Morrison, whose Neurotrauma and Repair Laboratory studies the biomechanics of traumatic brain injury and why brain cells die after a traumatic brain injury, notes that "concussion" is not actually a real diagnosis: "The term does not embody an underlying cause," he says." In more than 30 official definitions, "concussion" is described only by its symptoms."
His group proposes that the mechanism of concussion symptoms is the immediate disruption of the brain's network, that it is a truly distinct disorder of the brain's network layers across different scales, due to both mechanical and physiological changes. Similar to the loss of an electric grid across a city, in concussion a blackout (immediate loss of consciousness) or brownout (acting dazed and confused) results from loss of normal electric signaling across brain pathways. Either local networks in the brain lose the capacity to generate electric sparks to initiate communication across a pathway or their signals to other brain regions are rendered incoherent. Even so, most concussion patients have a full recovery within minutes to days after injury.
Morrison and his team think that the damage and disruption can be reversed in these cases, allowing for the restoration of electrical signaling and processing. However, for about 15-20 percent of concussed patients, symptoms such as slowing of information processing (feeling foggy) and memory difficulties can persist for weeks, months, or longer. While these patients may have permanent damage to brain pathways, many still demonstrate progressive recovery of brain function. The researchers hypothesize that, with these cases, the brain can gradually re-route signals around regions of damage.

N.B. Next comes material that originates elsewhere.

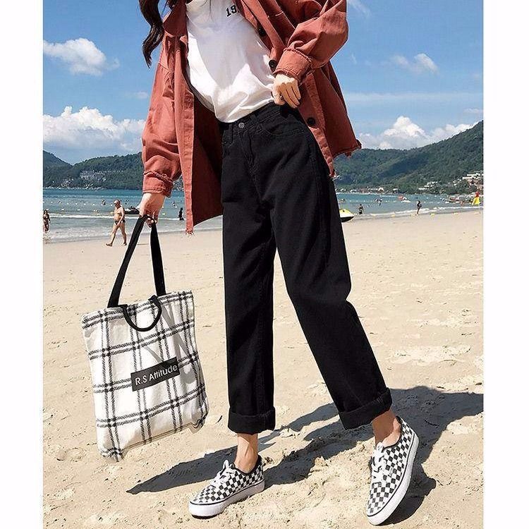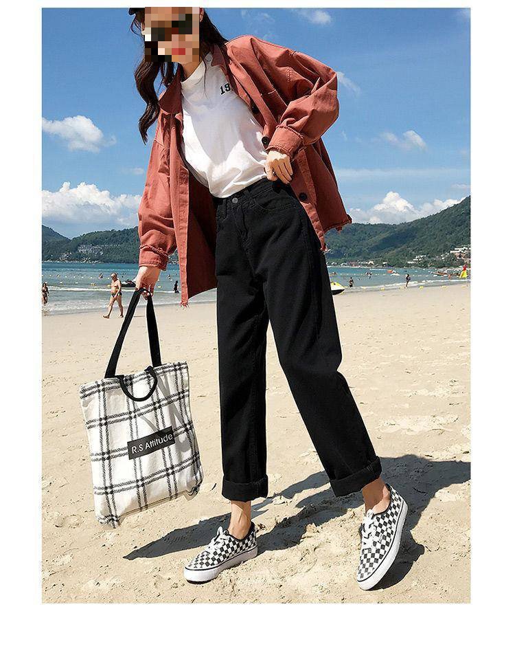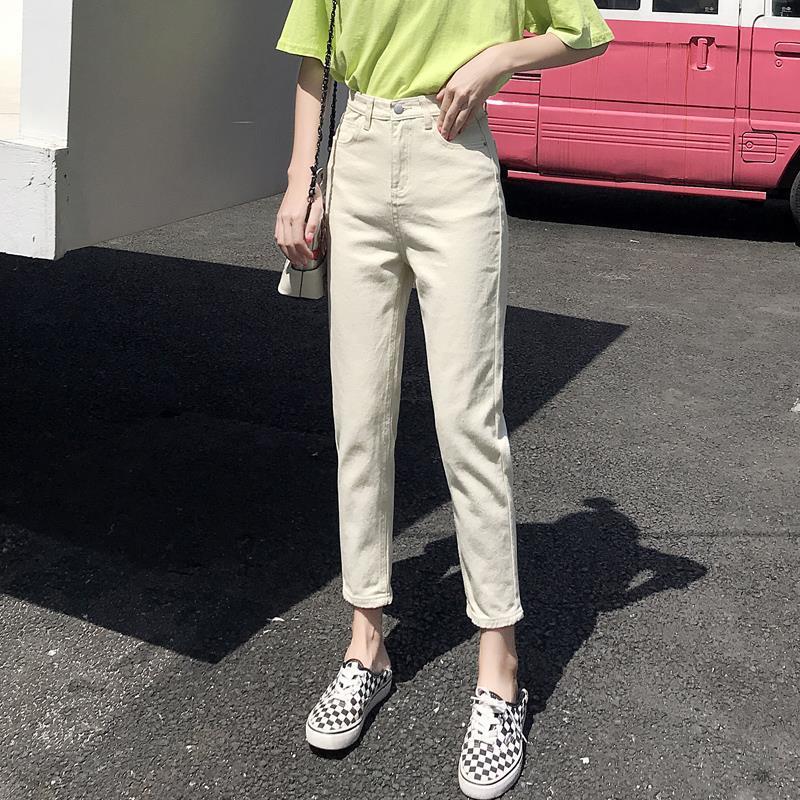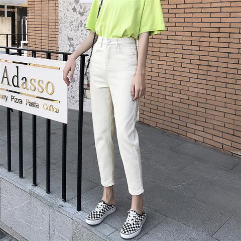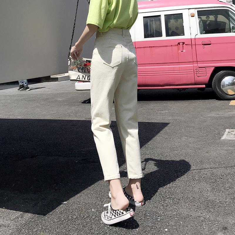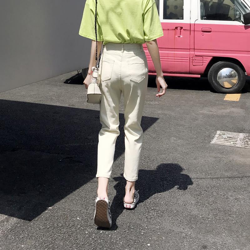 아카데미 스타일 아이보리 자른 청바지 여자 올 매치 봄과 여름 2024 새로운 느슨한 스트레이트 팬츠 할란 팬츠 얇은스토어 가기

The team is developing a parallel approach of in vivo, in vitro, and computational models of concussion to ascertain how a combination of mechanisms leads to injury and repair. By accurately mimicking the biomechanics of concussion across the models, the team will make corroborative comparisons along these multi-scale levels. They will examine concussion changes in preclinical models, in engineered mini-brains (micropatterned brain cell systems in a dish), and computer models of brain networks, to learn how dysfunction after concussion progresses from the molecular and cell level through the whole brain network towards recovery. Their measurements from the recovery of function at the single cell, circuit, vascular, and metabolic level will yield data for multi-layered network models of impairment and recovery.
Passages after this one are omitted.